**Task to complete**
Look through the listing below for the line containing "This layout feels". Copy it and each line after it up to and including the line containing "Royal Blue Leopard Pattern Scarf Jumper", exactly, leaving out pictures.

**Provided entries**
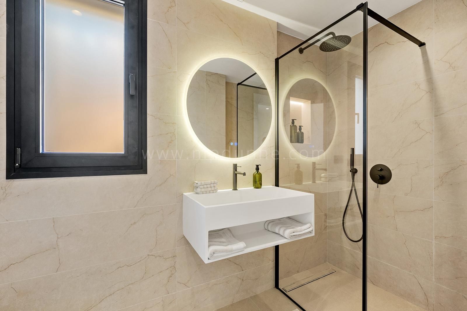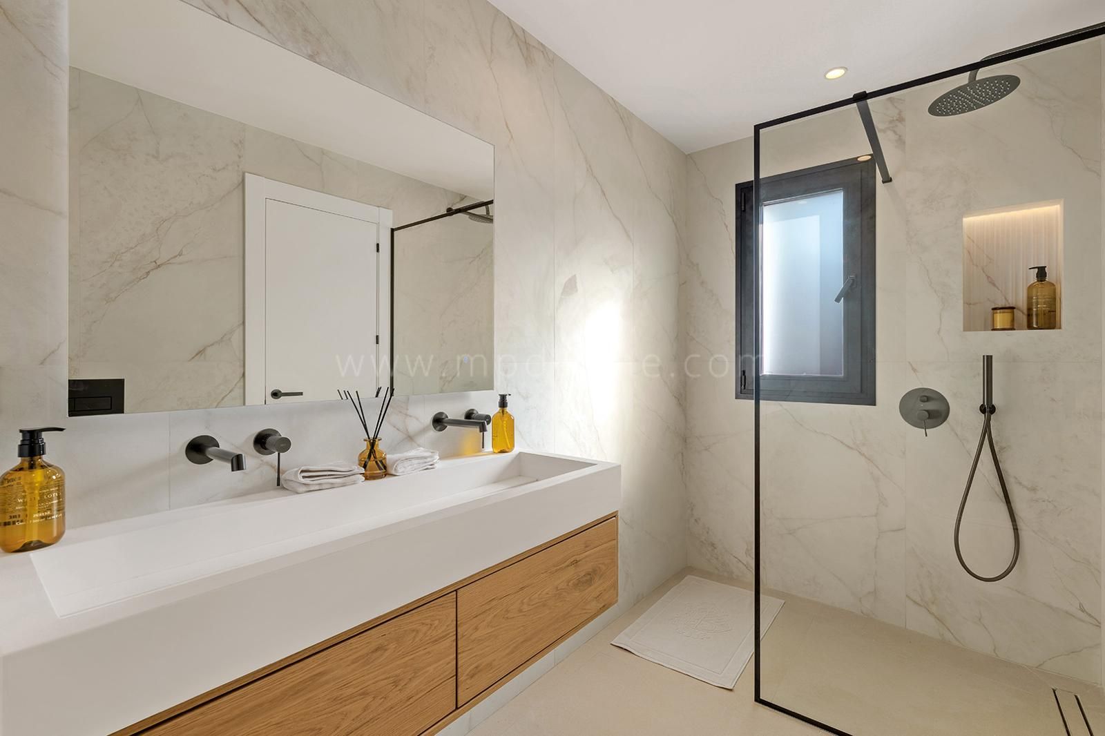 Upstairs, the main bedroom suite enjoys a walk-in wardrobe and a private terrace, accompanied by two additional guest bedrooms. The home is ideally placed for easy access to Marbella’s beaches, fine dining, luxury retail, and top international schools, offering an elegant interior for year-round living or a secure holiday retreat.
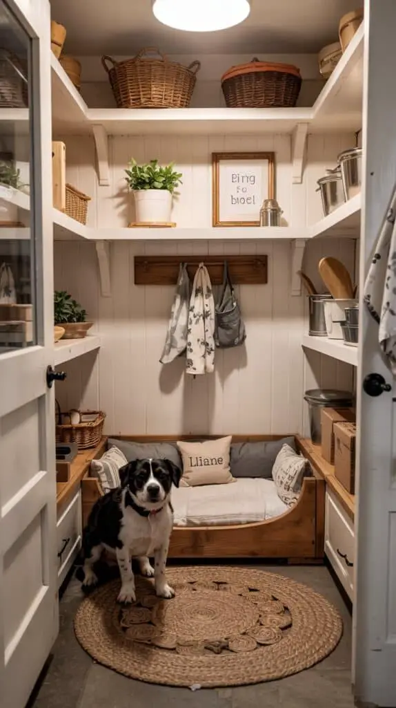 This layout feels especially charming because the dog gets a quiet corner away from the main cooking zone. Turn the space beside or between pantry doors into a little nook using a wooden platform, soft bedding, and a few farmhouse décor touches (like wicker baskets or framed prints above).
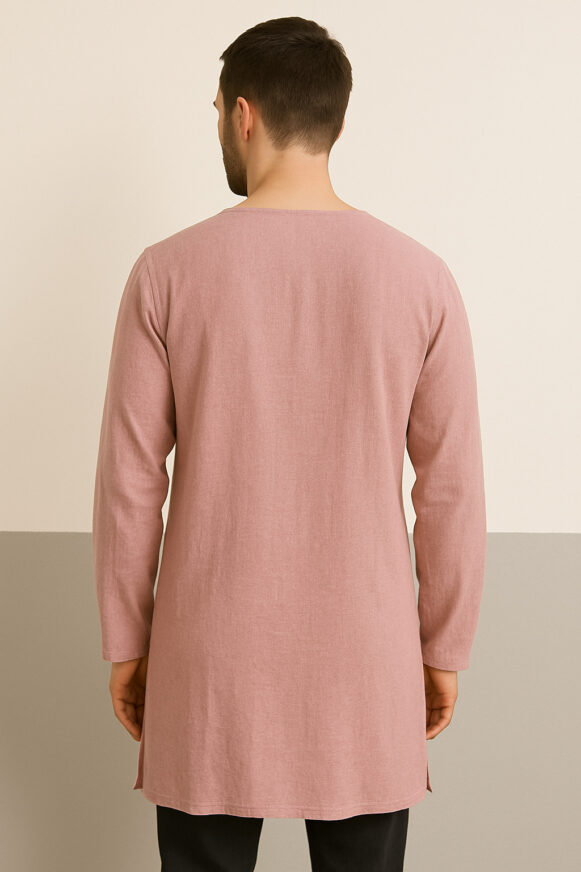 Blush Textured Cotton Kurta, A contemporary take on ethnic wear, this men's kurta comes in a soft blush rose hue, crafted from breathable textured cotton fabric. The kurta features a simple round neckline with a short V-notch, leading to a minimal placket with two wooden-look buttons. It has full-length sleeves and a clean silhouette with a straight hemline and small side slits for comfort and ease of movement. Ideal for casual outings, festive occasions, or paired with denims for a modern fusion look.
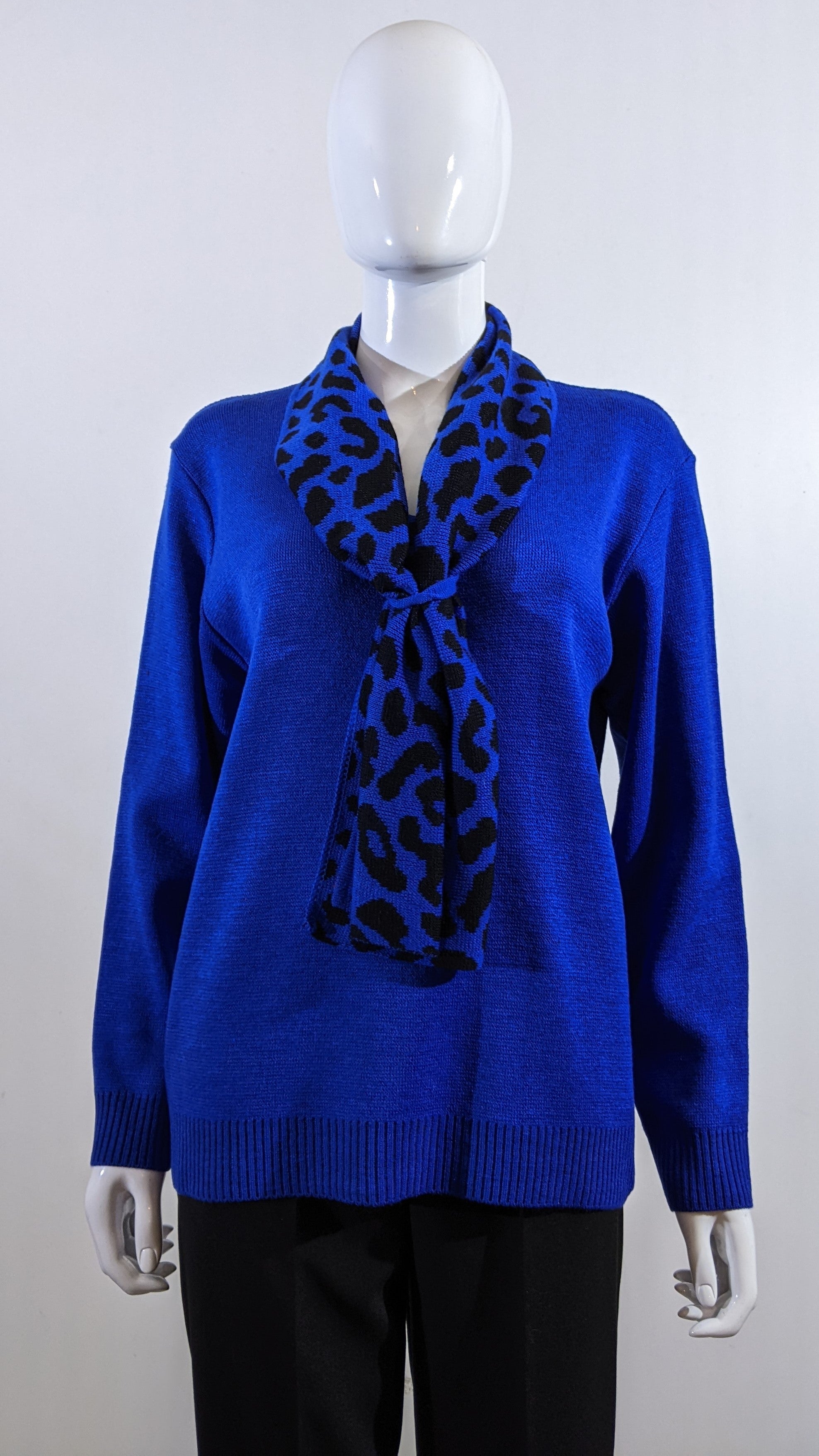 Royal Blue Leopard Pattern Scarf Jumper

--

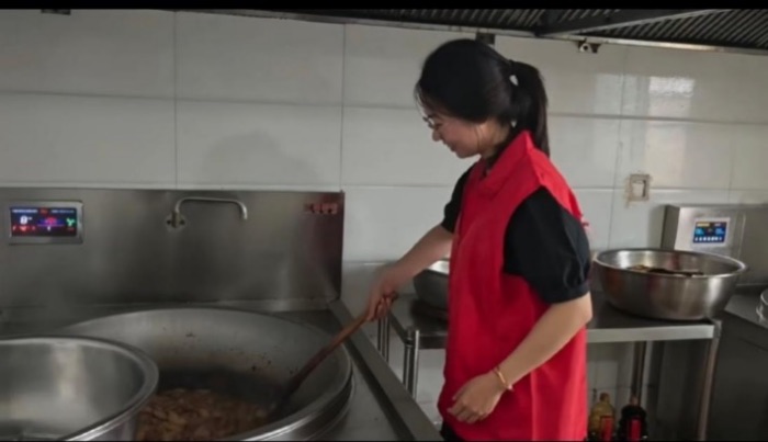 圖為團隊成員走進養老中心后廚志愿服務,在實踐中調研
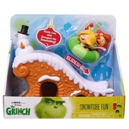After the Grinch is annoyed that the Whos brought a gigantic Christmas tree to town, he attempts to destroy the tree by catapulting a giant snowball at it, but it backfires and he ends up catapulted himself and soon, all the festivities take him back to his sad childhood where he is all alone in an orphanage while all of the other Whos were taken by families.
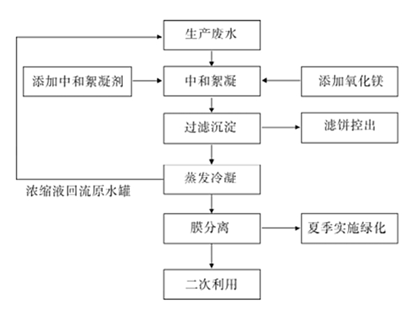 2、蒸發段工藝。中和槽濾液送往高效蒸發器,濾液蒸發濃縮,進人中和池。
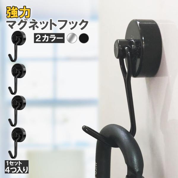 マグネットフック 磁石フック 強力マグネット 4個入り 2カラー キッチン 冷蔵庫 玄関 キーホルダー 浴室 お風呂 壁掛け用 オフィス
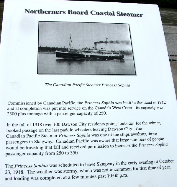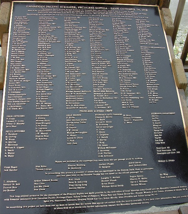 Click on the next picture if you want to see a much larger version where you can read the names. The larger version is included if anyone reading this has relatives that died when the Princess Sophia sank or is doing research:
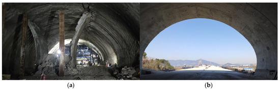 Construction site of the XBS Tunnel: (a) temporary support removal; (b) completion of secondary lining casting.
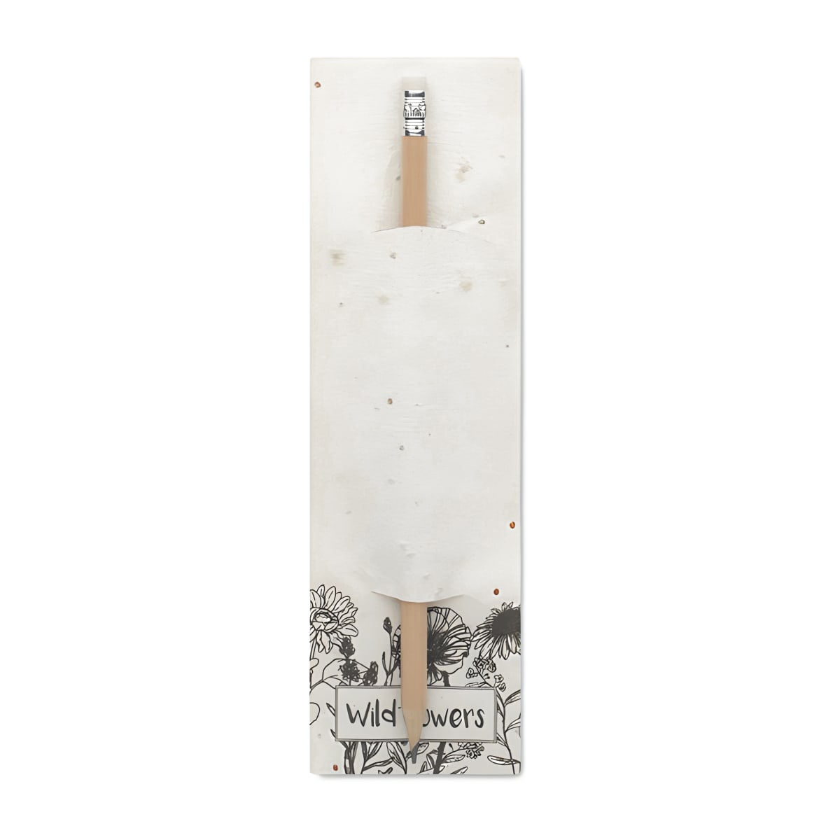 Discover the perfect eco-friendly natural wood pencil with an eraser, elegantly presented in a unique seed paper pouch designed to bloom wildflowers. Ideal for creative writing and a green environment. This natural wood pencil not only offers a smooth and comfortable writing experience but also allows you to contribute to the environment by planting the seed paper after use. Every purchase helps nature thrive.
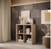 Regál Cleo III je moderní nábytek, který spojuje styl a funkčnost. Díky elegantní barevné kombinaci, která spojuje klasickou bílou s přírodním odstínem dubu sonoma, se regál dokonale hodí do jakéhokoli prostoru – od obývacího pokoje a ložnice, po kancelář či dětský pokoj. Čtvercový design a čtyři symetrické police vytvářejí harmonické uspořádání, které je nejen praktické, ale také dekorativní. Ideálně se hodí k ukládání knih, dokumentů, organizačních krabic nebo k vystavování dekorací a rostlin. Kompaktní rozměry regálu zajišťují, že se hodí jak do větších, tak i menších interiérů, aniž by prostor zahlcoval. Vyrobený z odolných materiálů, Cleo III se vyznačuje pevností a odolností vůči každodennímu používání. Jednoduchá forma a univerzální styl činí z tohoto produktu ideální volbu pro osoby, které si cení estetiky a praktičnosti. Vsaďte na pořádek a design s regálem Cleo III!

**Solution below**
 This layout feels especially charming because the dog gets a quiet corner away from the main cooking zone. Turn the space beside or between pantry doors into a little nook using a wooden platform, soft bedding, and a few farmhouse décor touches (like wicker baskets or framed prints above).
 Blush Textured Cotton Kurta, A contemporary take on ethnic wear, this men's kurta comes in a soft blush rose hue, crafted from breathable textured cotton fabric. The kurta features a simple round neckline with a short V-notch, leading to a minimal placket with two wooden-look buttons. It has full-length sleeves and a clean silhouette with a straight hemline and small side slits for comfort and ease of movement. Ideal for casual outings, festive occasions, or paired with denims for a modern fusion look.
 Royal Blue Leopard Pattern Scarf Jumper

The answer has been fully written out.